Ben Selanik'teki çiftliklerimin muhafazasına çalışmıyorum.
Hayırlı bir işe giriştim. Samimiyetimden şüphe etmek, gayretullaha dokunur...
İsterlerse beni İstiklâl Mahkemesi'ne göndersinler. Orada bütün bunları daha iyi anlatırım.
Kendisini İstiklal mahkemesine çıkarmadılar ama önemli bir ismi yollayıp, bu dönme meselesini kapatmasını istediler.
Dönme tartışmasını yapan gazetelere de talimat verip olayı kapattırdılar.
O günden sonra dönme meselesiyle ilgili bırakın bir köşe yazısı, tek satır haber yapılmadı.
Tam bir sessizliğe bürünen Karakaşzade Rüştü, bir süre sonra bir yakınına gitti, " Evleniyorum!" dedi ve ekledi “Hem de Ailesiyle Varna'dan gelmiş, hâlis bir Türk kızıyla... Babası da Yeniköy'de bir bakkaliye sahibidir. İyi halli, terbiyeli bir kadıncık. Ben Kadıya müracaat ettim. Türk kızı alıyorum. Türk gibi evleneceğim. Zaten Türküm. Kadı, İstanbul'dan başka zevcem olup olmadığını sordu. Cevabı gelir gelmez nikâhımız olacak."

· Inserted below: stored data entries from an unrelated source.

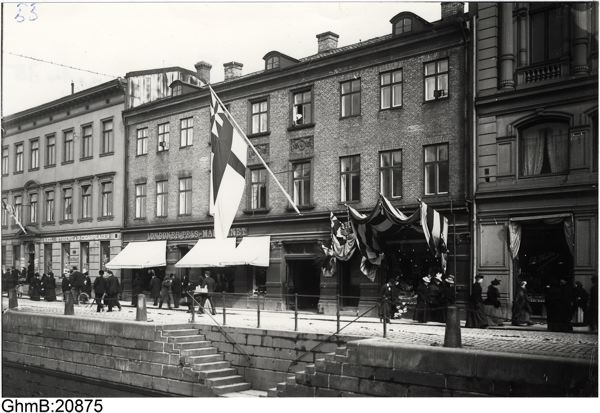 Uppe å skolplanen vid Oscar Fredriks skolhus stodo småbarnen uppstälda sedan kl. half tio. Alla med blågula vimplar i händerna, blåfrusna och huttrande i det ruskiga vädret. Å norra sidan hade sångarne tagit plats bakom en plattform för sånganföraren hr Edberg.
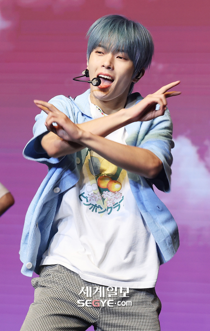 그룹 휘브 이정이 14일 오후 서울 강남구 청담동 일지 아트홀에서 열린 두 번째 싱글 '이터널 유스: 킥 잇(ETERNAL YOUTH : KICK IT)'의 쇼케이스에 참석해 열띤 공연을 펼치고 있다.
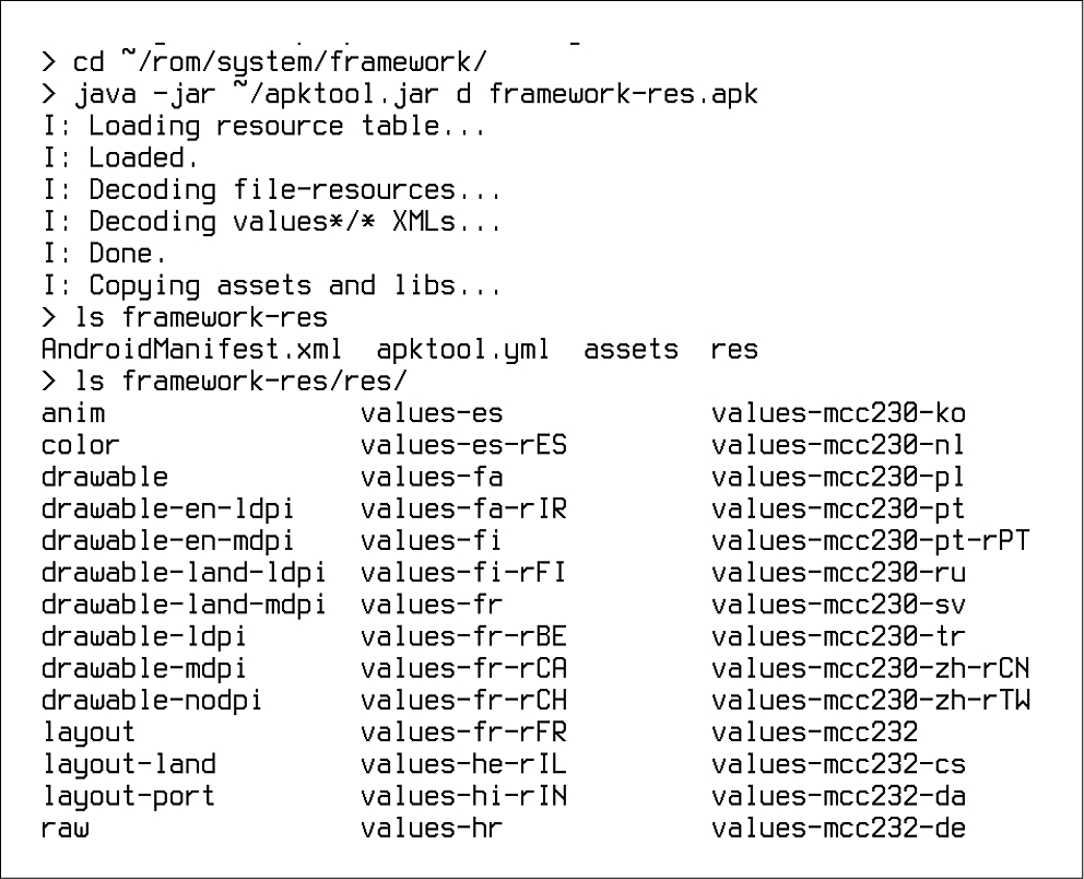 В результате в текущем каталоге должен появиться каталог framework-res, содержащий все файлы пакета. Наиболее интересные подкаталоги внутри него — это res/drawable-* и res/layout-*. Первый содержит все графические элементы в виде png-файлов для разных разрешений и положений экрана. Например, drawable-land-mdpi — это каталог с графическими ресурсами для экранов среднего разрешения, находящихся в горизонтальном положении (во время поворота экрана ОС переключается на использование других файлов). Разумеется, любой файл можно отредактировать или заменить другим.
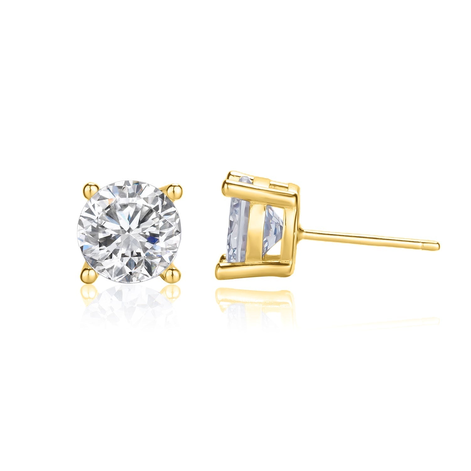 עגילי סוליטר צמודים, עשויים פליז בציפוי זהב 14k.
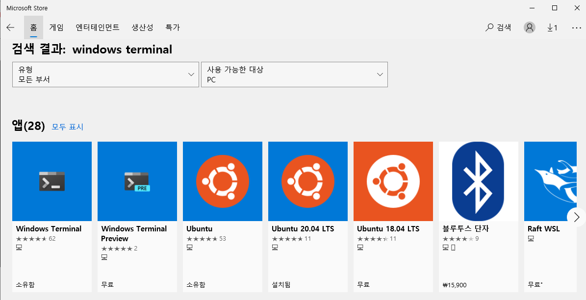 마이크로소프트 스토어에 들어가서 "Windows terminal"를 검색합니다.
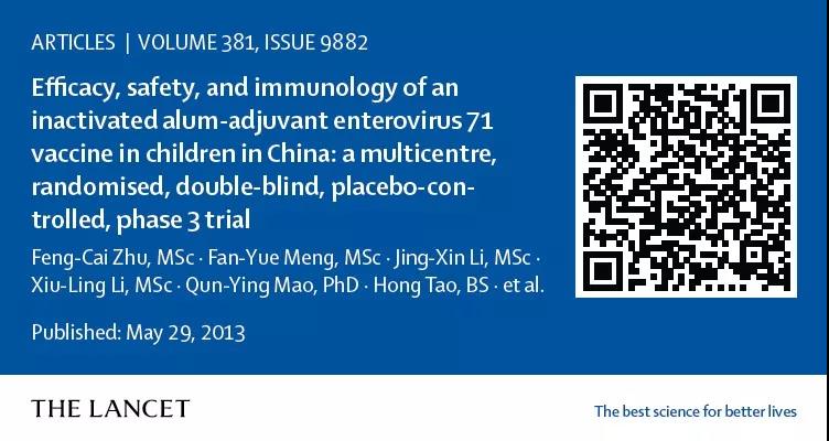 8. Zhu FC, Meng FY, Li JX, et al. Efficacy, safety, and immunology of an inactivated alum-adjuvant enterovirus 71 vaccine in children in China: a multicentre, randomised, double-blind, placebo-controlled, phase 3 trial. Lancet 2013; 381: 2024-32.
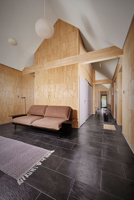 Dom je postavený v Lučatíne, malej obci pri Banskej Bystrici, kde má mama rodinné väzby. Toto krehké prostredie jasne vystavilo medze riešenia a východiská– hmota domu, mierka, urbanizmus obce, drevo ako materiál – konštrukčný aj výrazový. Na mieste novostavby stál starší, stavebne už nepoužiteľný tehlový dom. Nový objem sa chová v priestore veľmi podobne.
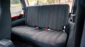 The cabin features patterned gray cloth upholstery on front bucket seats and rear bench, as well as a dark gray dash, door panels, and carpeting. Amenities include air conditioning, cruise control, a CD stereo, roll-up windows, and a locking center console. Auxiliary toggle switches have been added to the dash.
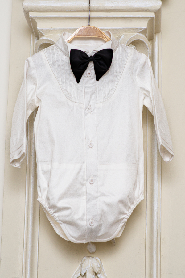Piese: pantaloni, camasa cu body atasat (pentru varsta 0 - 1 an) si sacou.

O buluşmada Sabetaylar tarafından sürekli tehdit edildiğini anlattı.
Dostu o konuşmayı şöyle anlattı;
“Bana aldığı bir tehdit mektubundan bahsetti. "Genç Selânikli" imzasıyla gelen bu mektubun son satırları şöyle bitiyordu:
- Rüştü Bey, sen Dönmelerin elinde can vereceksin.
İşte bu buluşma ondan alınan son haber oldu.
Üsküdar’daki Bülbülderesi Mezarlığına giden birisi, tesadüfen mezarını buldu.
Mezar taşında 24 Şubat 1931 günü öldüğü yazıyordu. Dilekçelerinden sadece 7 yıl sonra…
1878’de doğan Karakaşzade Rüştü, 1931 yılında yani 53 yaşında ölmüş veya öldürülmüştü.
Devlet kayıtlarında ölümü hakkında tek satır bilgi yer almadı.
Bir dönem dönmelerin gerçek yüzünü ifşa eden bu koca yürekli adam, sessizce gitti.
Ailesi veya çocukları ne haldeler onlar sağ mı ölü mü bunlar dahi bilinmiyor.
Bildiğimiz tek şey; Karakaşzade Rüştü Bey’in ifşa ettiği bir grup dönmenin gerçek yüzü oldu.
Bu büyük hizmeti sayesinde kim bilir belki de imanlı gitmiştir.
Nasıl giderse gitsin, Rüştü Bey mertliğiyle gönlümüze girmiştir.